From a military perspective, the decision to invade Norway and Denmark was a rather
ad hoc one which would have to be executed on a quick timetable. A new formation, the 21st Army Corps, was formed under General Nikolaus von Falkenhorst, and it consisted of the 63rd, 163rd, 181st, 196th, and 214th Infantry Divisions, along with the Third Mountain Division. The code name for this was to be Operation
Weserubung. Personally, many in Germany were unsure about the wisdom of attacking Norway, fearing that they could be drawn into a protracted Scandanavian quagmire. Additionally, there was the fear that the operation, having been planned so quickly, might contain some structural weakness which would doom the whole undertaking. Nonetheless, once an idea entered Adolf Hitler’s head, it never left, and he set the date of 1 January 1940, as the day for the invasion to commence.
In the small hours of 1 January, German aircraft thundered over Oslo, Kristiansand, Bergen, and Copenhagen. Out of these aircraft dropped not bombs but
Fallschirmjager, German paratroopers. These troops had the objective of capturing the cities over which they were dropped by catching them off guard and overwhelming the garrisons.
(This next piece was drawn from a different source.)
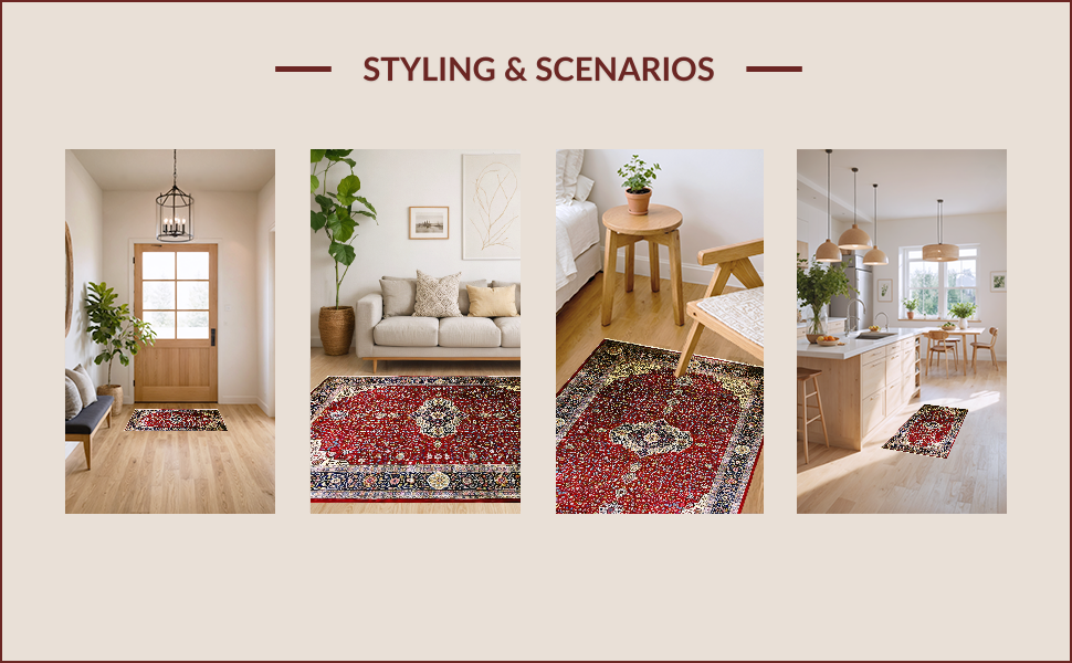 Ultra Soft Area Rug, Non Slip, Stain Resistant, Washable Area Rugs for Living Room, Bedroom, Chic Geometric Red and Cream Fusion(Red) Overview:
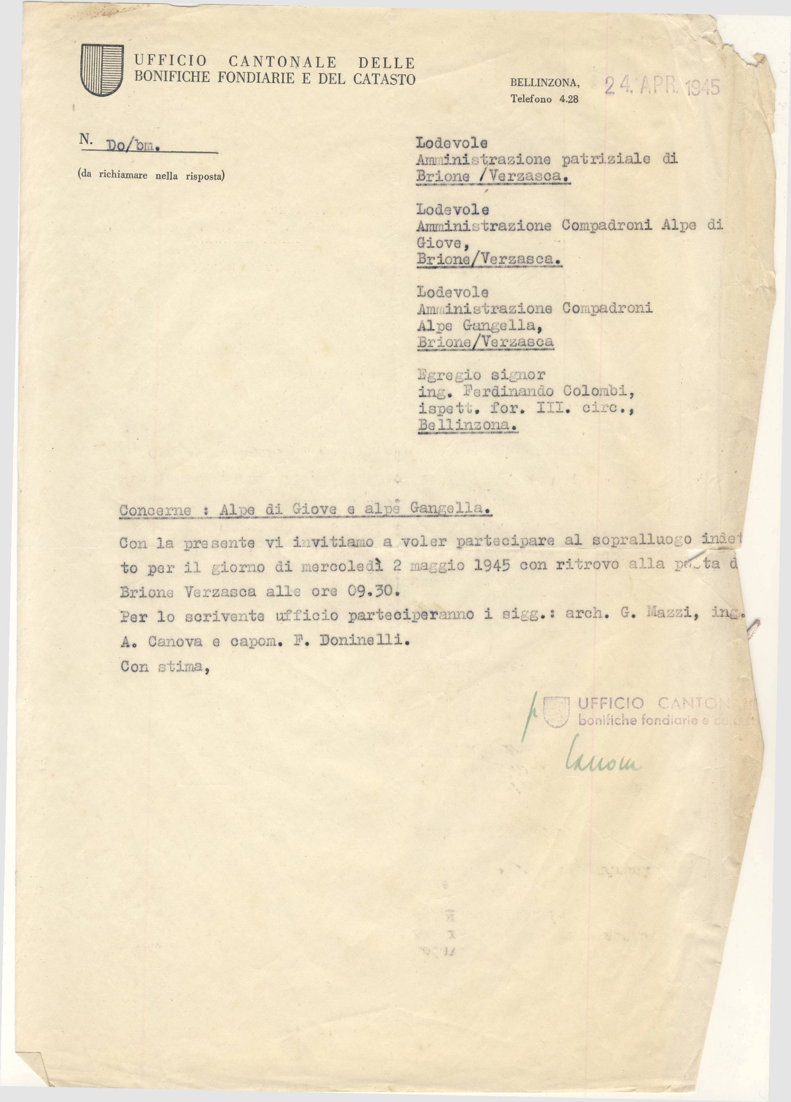 Con la presente vi invitiamo a voler partecipare al sopralluogo indetto per il giorno di mercoledì 2 maggio 1945 con ritrovo alla posta d Brione Verzasca alle ore 09.30.

However, the
Fallschirmjager, who had had relatively little time to practice their art on such a massive scale (3), achieved lacklustre results. Despite fighting with great bravery, the paratroopers were (except in Copenhagen) surrounded and eliminated by Norwegian troops over the course of the day. Elsewhere, however, the Germans achieved greater successes. At the cost of the cruiser
Blucher, the Germans were able to take Oslo by amphibious assault on the first day of the war. The postwar consensus has been that the paratroopers had diverted enough Norwegian attention that the amphibious troops were able to take the Norwegian capital.
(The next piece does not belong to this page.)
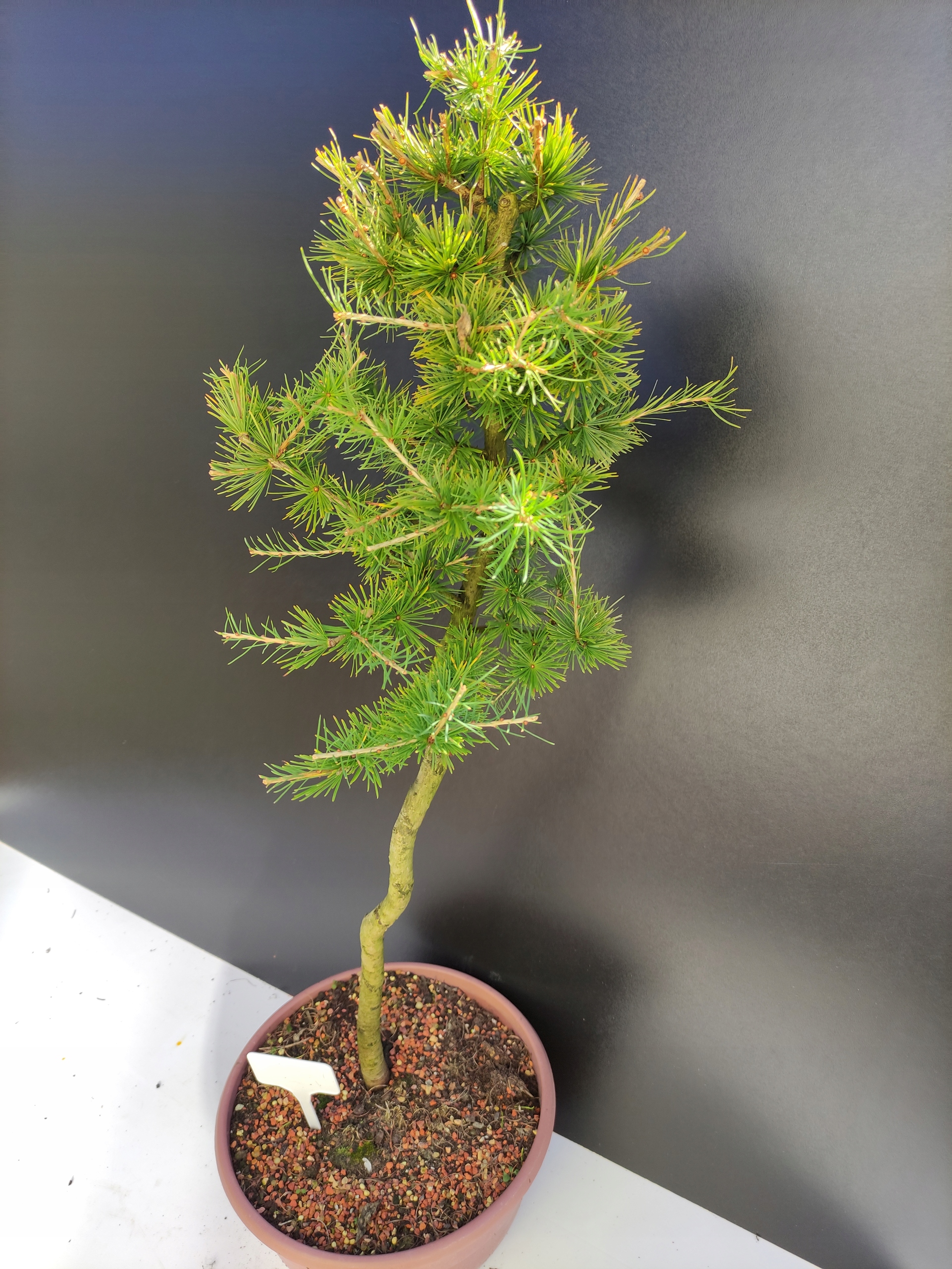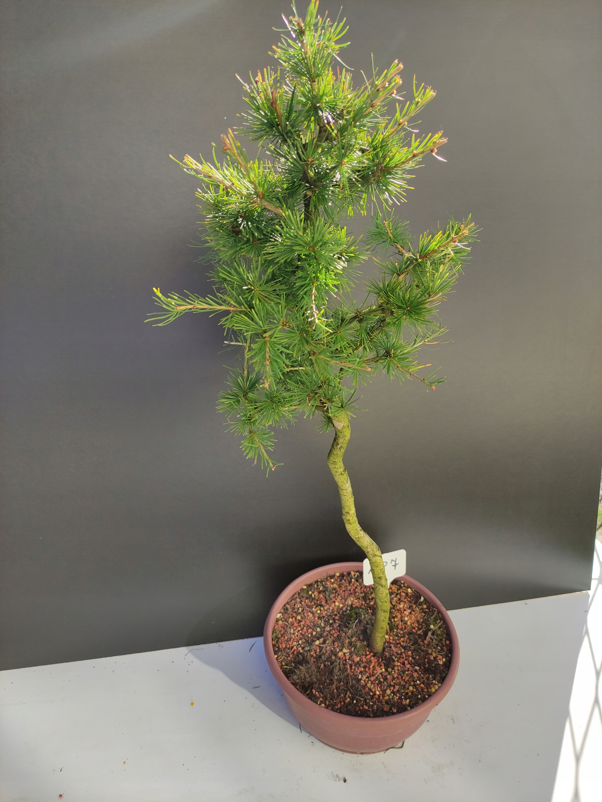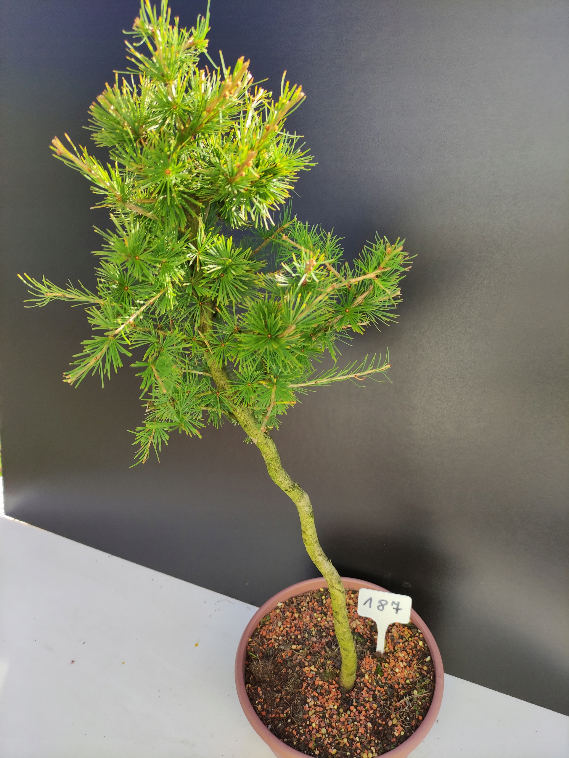 Każde nasze drzewko bonsai to unikalny egzemplarz, dlatego każde zostaje wystawione osobno, ponieważ traktujemy każde indywidualnie – od formowania po pielęgnację. Modrzewie te są w naszych rękach od 2021 roku i obecnie mają już 10 lat, dzięki czemu prezentują się wyjątkowo dojrzale i stabilnie.

In Britain and France, the reaction to the German invasion was chaotic. With the British squaring off against Apanasenko in Pakistan and the Anglo-French still having to prepare for the defence of France herself (to say nothing of the expenditure of men to Finland to fight the USSR), it was clear that there were not enough Allied troops to send to Norway, despite that government’s pleas for help. (4) The Norwegian ambassador to London, Erik Colban, famously got into a blazing row with Lord Hore-Belisha when the latter interrupted his New Year’s Day luncheon to inform him that no British or French aid would be dispatched to his country for at least a month. Fatally, Colban then telephoned the Norwegian government, which had fled to the town of Elverum, with this information.
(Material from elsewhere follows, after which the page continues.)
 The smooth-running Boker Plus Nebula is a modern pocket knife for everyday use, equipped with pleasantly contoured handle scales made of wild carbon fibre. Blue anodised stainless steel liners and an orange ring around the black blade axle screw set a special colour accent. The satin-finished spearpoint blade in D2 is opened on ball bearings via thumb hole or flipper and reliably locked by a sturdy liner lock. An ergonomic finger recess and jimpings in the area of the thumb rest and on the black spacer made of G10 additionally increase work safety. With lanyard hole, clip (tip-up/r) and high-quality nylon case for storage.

The news that Norway was isolated spread like wildfire, and soon found itself in the hands of Norwegian fascist leader Vidkun Quisling, a man whose name would become a synonym for treason for decades to come. At 7:30 PM Oslo time, with the Oslo radio station (centre for most broadcasting in southern Norway) under German control, and escorted by
Wehrmacht men, Quisling broadcast to the country, declaring that the Allies were in no position to help and that he was forming a government to end the fighting. He specifically stated that the Allies would not be landing men in Norway, and exhorted his people “not to fight in a doomed war for the interests of London and Paris, but to collaborate and cooperate with our fellow Nordic countrymen to enable us to spend the war in peace.” Such a ludicrous argument failed to strain Quisling’s silver tongue, and his countrymen despised him for it. However, it was clear that he had something of a point. Norway was isolated and cut off, and peace- albeit peace on German terms- was possible. Quisling’s position was further strengthened two and a half hours later when he repeated his earlier message and called for the arrest of several prominent Norwegian politicians whom he claimed were “collaborating with Britain and France to sabotage our national interests”, ever so conveniently ignoring the fact that, well, Germany was militarily occupying the country even as he spoke. With this second broadcast, Hitler gave orders to issue recognition to Quisling’s puppet regime in Norway, and once his broadcast was finished, Quisling gave orders to several beleaguered Norwegian garrisons to surrender, orders given in his self-appointed capacity as Norweigan PM. Few obeyed him, seeing him (correctly) was a simple stooge of the Nazis who was opposed to liberty, freedom, and everything else which Norway stood for.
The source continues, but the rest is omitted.